As the good doctor removed her hand, she had a feeling the female knew that. “Before you tell me to go, a few things you should know. First of all, I will not divulge your location to anyone and I will not share whatever you tell me or whatever I find with anybody. I will have to report that I’ve seen you to Wrath, but any clinical findings are yours and yours alone.”
Sounded good. In theory. But she didn’t want the female anywhere near her with what was in that black bag.
Doc Jane went on. “Second, I don’t know a damn thing about symphaths. So if there’s something anatomically distinct or significant to that half of you . . . I’m not going to necessarily know how to treat it. Do you still consent to be seen by me?”
Xhex cleared her throat and tried to lock her shoulders so she didn’t shake so much. “I don’t w-want to be seen.”
“That’s what John said. But you’ve been through a trauma—”
“It w-w-wasn’t that bad.” She sensed John’s emotional response to that from the corner, but didn’t have the energy to tease out the details of what he was feeling. “And I’m f-f-fine—”
“Then you should view this as simply a formality.”
“Do I l-l-look like someone who’s formal?”
Doc Jane’s forest green stare narrowed. “You look like someone who’s been beaten. Hasn’t fed properly. And hasn’t slept. Unless you want to tell me that purple bruise on your shoulder is makeup? And those bags under your eyes are a mirage?”
Xhex was well familiar with people who wouldn’t accept no for an answer—for shit’s sake, she’d worked with Rehv for years. And going by that hard, level tone, it was pretty damn clear that the doctor was going
to have her way or she wasn’t leaving. Ever.
“G-g-g-goddamn it.”
“FYI, the sooner we start, the sooner it’s over.”
Xhex glanced at John, thinking that if she had to be seen, he was so not a value-add. He really didn’t need to know anything more than what he’d probably guessed about the condition she was in.
The doctor looked over her shoulder. “John, will you please wait in the hall?”
John ducked his head and bowed out of the room, the tremendous spread of his back disappearing through the door. When the lock clicked into place, the good doctor opened that fucking bag of hers and the stethoscope and the blood-pressure cuff were the first to come out.
“I’m just going to listen to your heart,” the female said, putting the wishbone up to her ears.
The sight of the medical instruments was gasoline to Xhex’s shivers, and as out-of-it as she was, she cringed away.
Doc Jane paused. “I’m not going to hurt you. And I won’t do anything you don’t want me to do.”
Xhex closed her eyes and rolled over onto her back. Every muscle in her body hurt all of a sudden. “Let’s just get this over with.”

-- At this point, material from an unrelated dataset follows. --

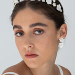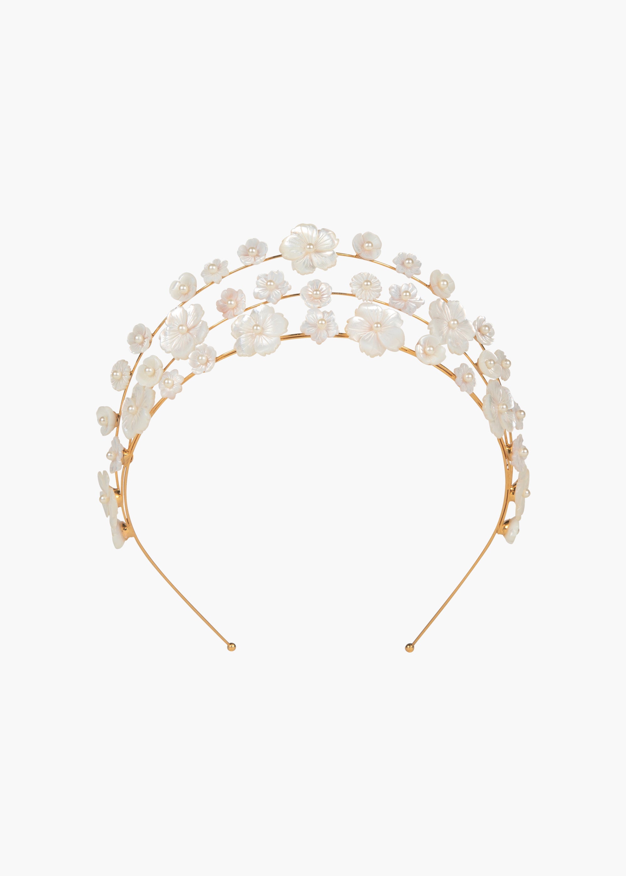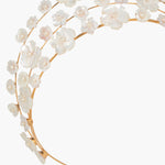 Steeped in enchanting whimsy, the Jenette Crown is a majestic halo of florals, made by hand in New York. Three arcs of flowers are hand-carved of mother of pearl, with chiseled details that enhance the material's magical iridescence, and clever placement that feels perfectly organic. The flowers' surface is raised and tilted forward, suggesting the regal shape of a crown. Wear this headpiece with the Tibby Earrings for a perfectly coordinated look.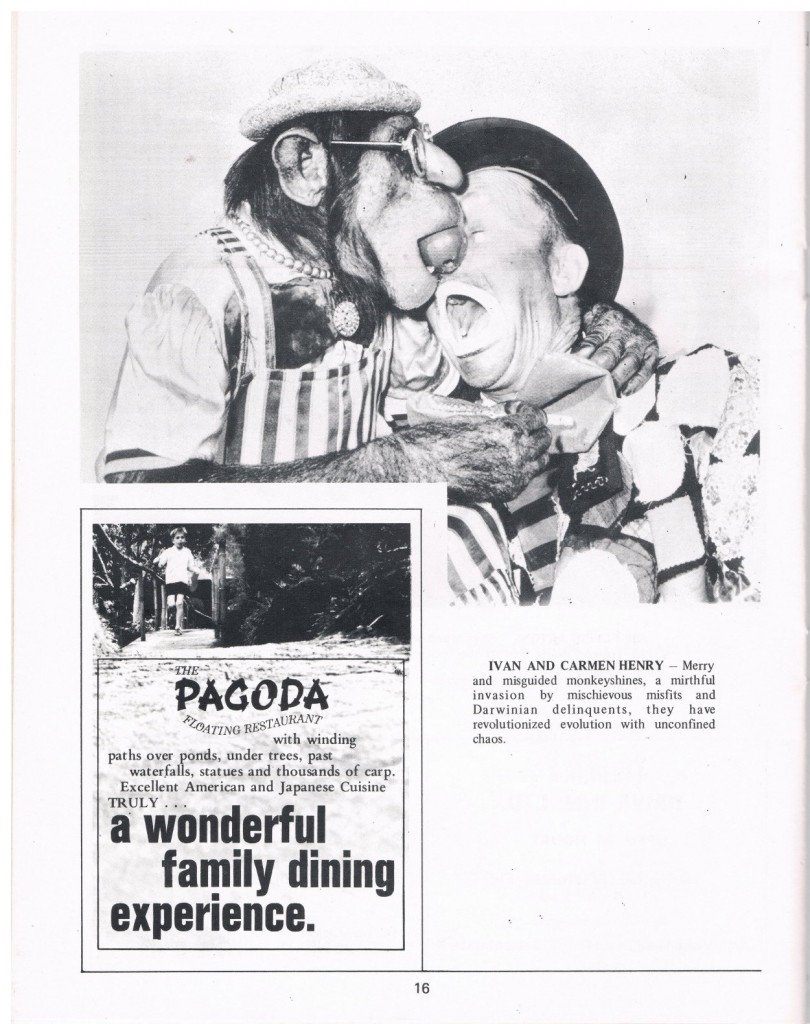 This is not Ivan Henry with one of his chimps. As a matter of fact I don’t know who it is in this photo. I can tell you that Henry’s Chimps was on the show in Honolulu, July 17-27-1969.

As the sheet lifted, a draft of cold air breathed over her skin and the cool disk was placed against her sternum. Flashbacks threatened to send her on a screamer-coaster, and she stared up at the ceiling, just trying to keep herself from levitating off the frickin’ mattress.
“B-be fast, D-D-Doc.” She could hold the panic back for only so long.
“Could you take a deep breath for me?”
Xhex did the best she could and ended up wincing. Clearly, one or more of her ribs were broken, probably from her hitting the wall outside of that bedroom.
“Can you sit up?” Doc Jane asked.
Xhex groaned a curse as she tried to push her torso off the bed and failed. Doc Jane ended up having to help her, and when the doctor got a load of her back, she hissed a little.
“It doesn’t hurt that bad,” Xhex bit out.
“Somehow I doubt that.” Again with the metal disk going around. “Breath as deep as you can without hurting yourself.”